路上と観察

路上観察学会のお歴々がトークショーをするってんで、現代美術館に行って参りました。
会場は定員以上の立ち見ありの賑わいで、若者から学会メンバーと同世代の方まで様々。藤森氏、林氏、南氏、松田氏それぞれのキャラが言うまでもなく立ち上がり、スライドを見ながらつれづれに話はあーでもなくこーでもなく流れていくのでした。
彼らが路上に見出したものは、今でも路上に存在しているかもしれないし、似たようなものもまだまだあるかもしれない。でも写真に映し出された、あの頃の観察、発見、記録は、たぶん最初のがいちばん面白くて、唯一無二のものなのである。藤森さんは正直に、僕は飽き性だから、と言っていたけど、もう時代は、路上観察学会以後なのである。
今は、スマホやらケータイやらデジカメで、それこそ気軽に路上でもどこでも、発見し記録し伝達し、表現のような共感のようなものを楽しんでいる時代だしねえ。
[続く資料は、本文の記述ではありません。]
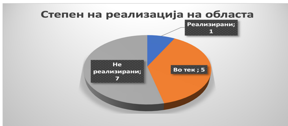
Слика 16 Вкупен степен на реализација на областа

Од вкупно 13 активности кои се предвидени во Стратегијата за оваа хоризонтална област, една активност е реализирана (7%), пет активности се во тек (38%), а седум активности не се реализирани, а рокот за реализација е помина (55%).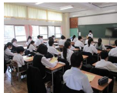
生徒たちが戻ってきました。

よくもわるくも。
可笑しかったのは、「こーいうの赤瀬川さん撮るよねー」「僕が撮りたかったから撮ったんです」「藤森さんは全然反応しないでしょ」「えーこんなん撮ったかなあ」なんてそれぞれの見立てについてのコメント。仲良し学会においても、表現てのは孤独なものなんです。
写真は、懐かしの、松田編集長の筑摩書房「頓智」創刊号。